[Dataset excerpts]
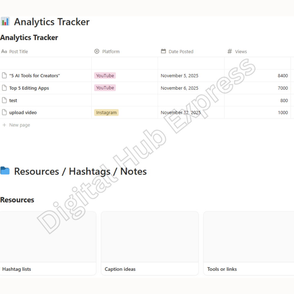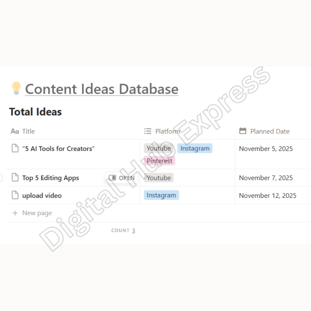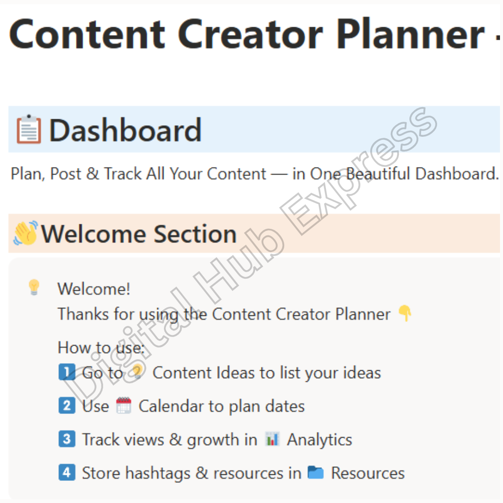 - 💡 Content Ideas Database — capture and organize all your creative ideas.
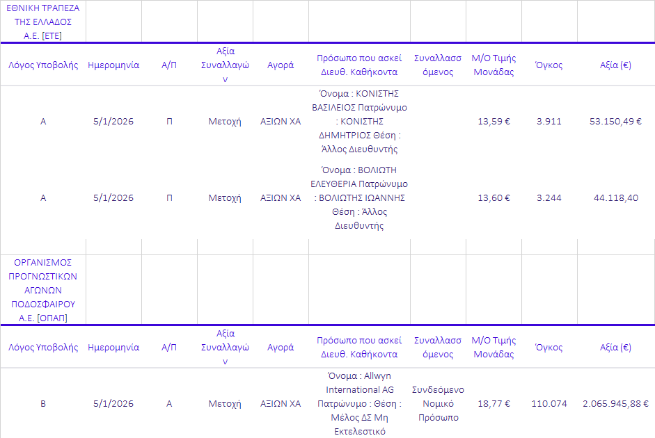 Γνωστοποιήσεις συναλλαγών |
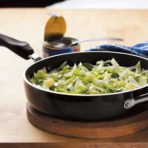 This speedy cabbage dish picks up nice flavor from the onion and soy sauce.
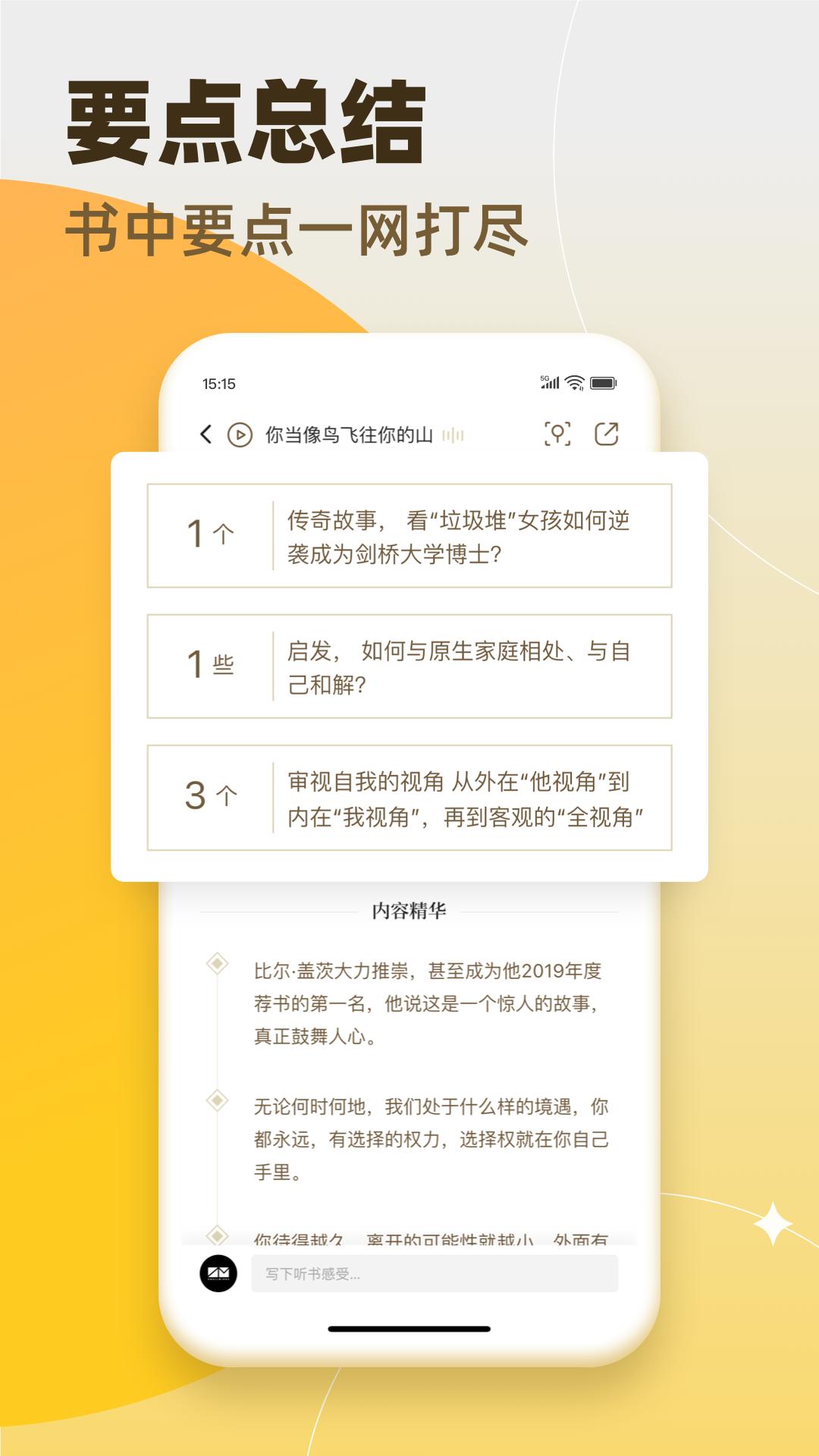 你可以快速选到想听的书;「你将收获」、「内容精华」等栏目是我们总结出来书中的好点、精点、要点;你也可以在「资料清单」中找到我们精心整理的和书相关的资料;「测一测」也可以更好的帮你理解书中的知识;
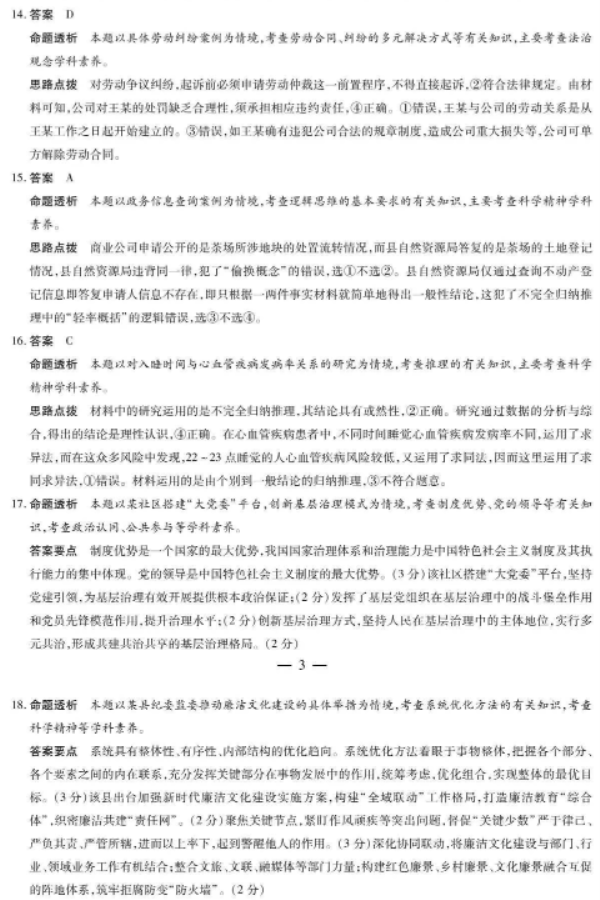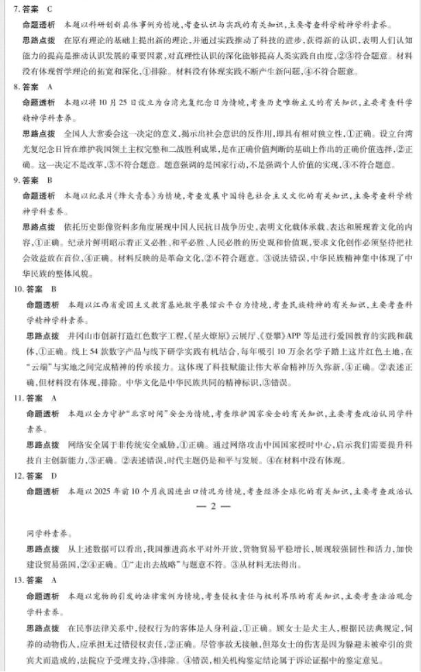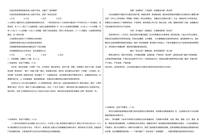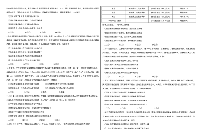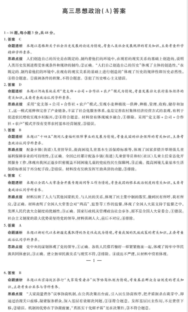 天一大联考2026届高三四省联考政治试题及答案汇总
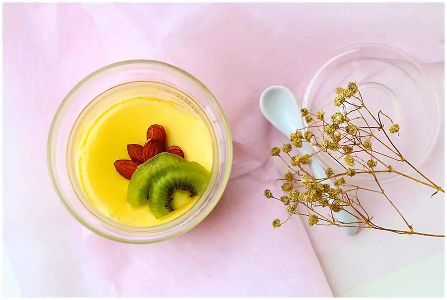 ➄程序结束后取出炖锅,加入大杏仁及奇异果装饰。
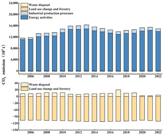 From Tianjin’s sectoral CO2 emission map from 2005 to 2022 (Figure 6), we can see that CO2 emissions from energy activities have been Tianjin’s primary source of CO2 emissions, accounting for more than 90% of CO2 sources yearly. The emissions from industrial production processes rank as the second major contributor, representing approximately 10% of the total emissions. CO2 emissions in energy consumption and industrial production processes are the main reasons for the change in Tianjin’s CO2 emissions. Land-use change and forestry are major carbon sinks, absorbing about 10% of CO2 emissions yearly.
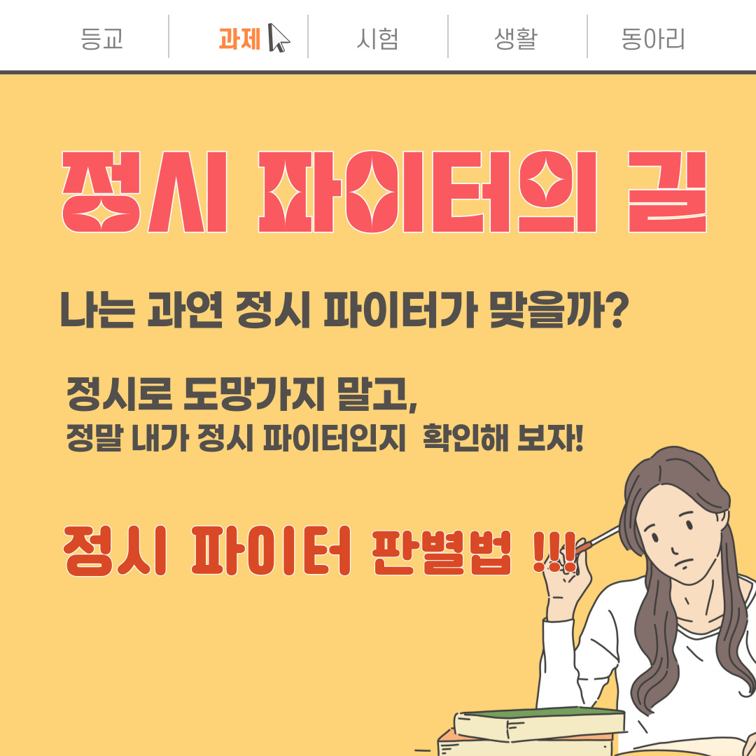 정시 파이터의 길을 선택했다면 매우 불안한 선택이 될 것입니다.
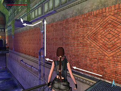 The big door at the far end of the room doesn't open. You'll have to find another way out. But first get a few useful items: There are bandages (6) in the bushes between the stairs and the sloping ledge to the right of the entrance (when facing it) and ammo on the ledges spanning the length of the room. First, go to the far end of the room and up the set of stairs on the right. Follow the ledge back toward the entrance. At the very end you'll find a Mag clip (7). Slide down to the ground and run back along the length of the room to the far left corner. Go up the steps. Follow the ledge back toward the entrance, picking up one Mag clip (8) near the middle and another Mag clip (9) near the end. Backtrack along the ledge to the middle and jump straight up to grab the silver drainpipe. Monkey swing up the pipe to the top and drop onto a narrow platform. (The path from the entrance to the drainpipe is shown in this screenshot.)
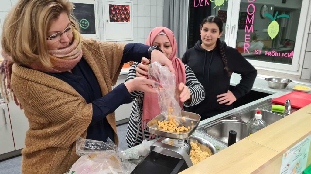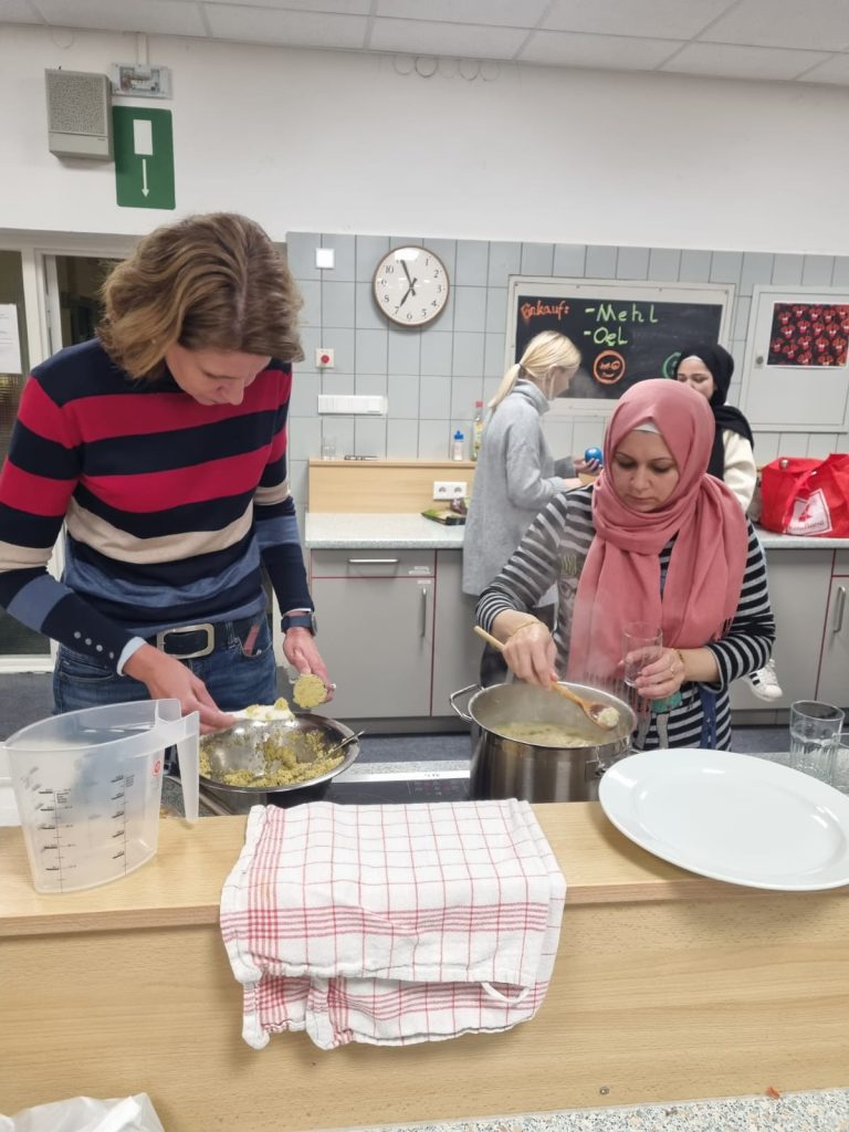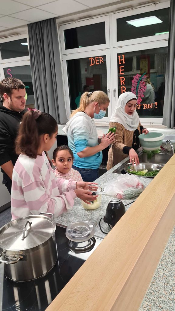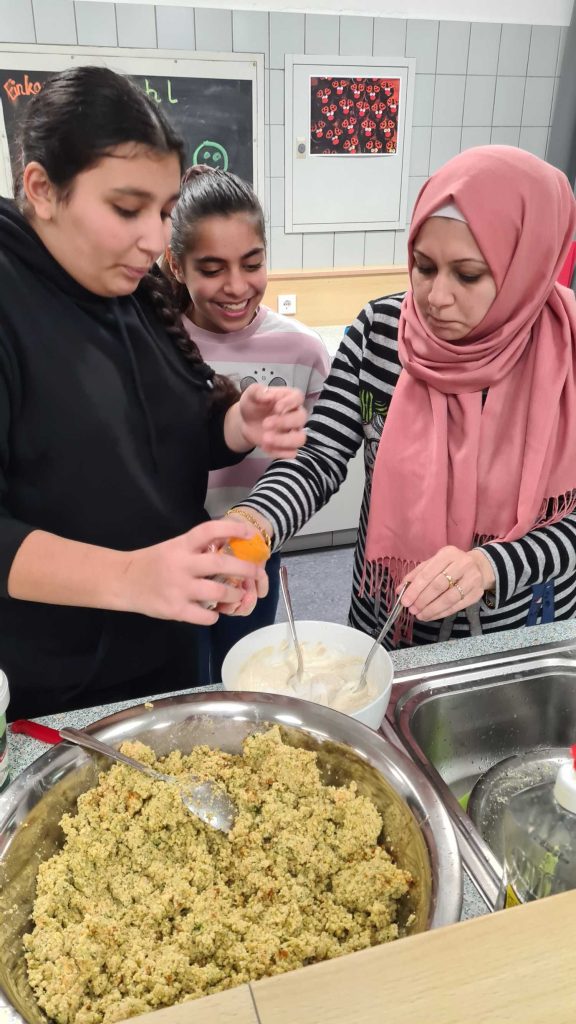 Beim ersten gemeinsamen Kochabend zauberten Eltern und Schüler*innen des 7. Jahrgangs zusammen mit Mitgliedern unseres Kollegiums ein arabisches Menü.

_Directions for this task_. Beginning with the first line of the records and ending with the line that contains "This speedy cabbage", reproduce every line exactly, omitting pictures and adding nothing.

_Completed exercise_.
 - 💡 Content Ideas Database — capture and organize all your creative ideas.
 Γνωστοποιήσεις συναλλαγών |
 This speedy cabbage dish picks up nice flavor from the onion and soy sauce.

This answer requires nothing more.